Implementation:Microsoft Onnxruntime CUDA LayerNormGrad
| Knowledge Sources | |
|---|---|
| Domains | Training, CUDA_Kernels |
| Last Updated | 2026-02-10 04:00 GMT |
Overview
Concrete tool for computing layer normalization gradients in the ONNX Runtime CUDA training framework.
Description
Implements three gradient variants for CUDA: LayerNormalizationGrad, InvertibleLayerNormalizationGrad, and SimplifiedLayerNormalizationGrad. The LayerNormGrad template class is parameterized by types T, U, V and a boolean simplified flag. The constructor reads the axis attribute to determine the normalization axis. ComputeInternal takes upstream gradient dY, input X (or output Y for invertible variant), scale, mean, and inverse standard deviation, then calls HostApplyLayerNormGrad to compute gradients for input (d_X), scale (d_scale), and bias (d_bias).

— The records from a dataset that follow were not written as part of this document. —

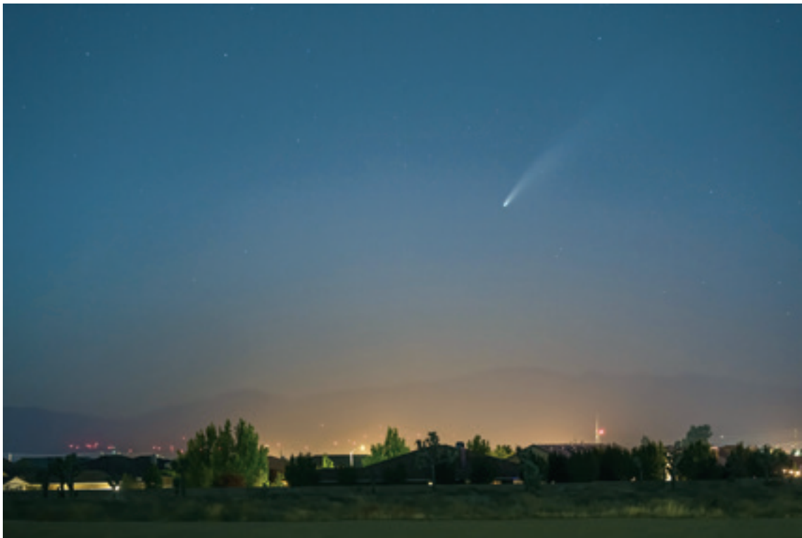
NEOWISE Over the City
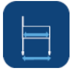
Width outside Width inside ▼

For more comprehensive pre-sales information about the NordBed Kid, including the product's user manual, please see your local Invacare website.
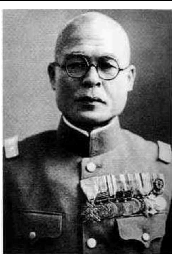
General Yanagawa Heisuke

Lt. General Yanagawa Heisuke [1879-1945] was one of the senior members of the “Imperial Way faction” in the Imperial Army. The domestic aim of these ultra-rightwing nationalists was the complete eradication of the remaining elements of Japanese democracy; the adoption of national socialist economic policies similar to the Nazis; and the restoration of full political power to Emperor Hirohito. As for foreign policy, they fully supported the expansion of the Japanese colonial empire, yet believed the Soviet Union was Japan’s principal enemy due to its promotion of communism. 6

The simplified variant (RMSNorm) does not compute bias gradients. The invertible variant reconstructs the input from the output, mean, and inv_std_dev. Registered type combinations include float, double, MLFloat16, and BFloat16 with float statistics.
Usage
Invoked during the backward pass of training when the model uses LayerNorm, InvertibleLayerNorm, or SimplifiedLayerNorm (RMSNorm) layers.
Code Reference
Source Location
- Repository: Microsoft_Onnxruntime
- File: orttraining/orttraining/training_ops/cuda/nn/layer_norm.cc
- Lines: 1-147
Signature
template <typename T, typename U, typename V, bool simplified>
class LayerNormGrad : public CudaKernel {
LayerNormGrad(const OpKernelInfo& op_kernel_info);
Status ComputeInternal(OpKernelContext* p_op_kernel_context) const;
};
template <typename T, typename U, typename V>
using InvertibleLayerNormGrad = LayerNormGrad<T, U, V, false>;
Import
#include "orttraining/training_ops/cuda/nn/layer_norm.h"
I/O Contract
Inputs
| Name | Type | Required | Description |
|---|---|---|---|
| Y_grad (dY) | Tensor(T) | Yes | Upstream gradient |
| X (or Y) | Tensor(T) | Yes | Original input (or output for invertible variant) |
| scale | Tensor(V) | Yes | Layer normalization scale parameter |
| mean | Tensor(U) | Yes | Mean from forward pass |
| inv_std_dev | Tensor(U) | Yes | Inverse standard deviation from forward pass |
Outputs
| Name | Type | Description |
|---|---|---|
| X_grad (dX) | Tensor(T) | Gradient with respect to input |
| scale_grad | Tensor(V) | Gradient with respect to scale |
| bias_grad | Tensor(V) | Gradient with respect to bias (not computed for simplified variant) |
Usage Examples
// Registration for MLFloat16 input, float statistics, MLFloat16 scale
REGISTER_GRADIENT_KERNEL_TYPED(MLFloat16, float, MLFloat16)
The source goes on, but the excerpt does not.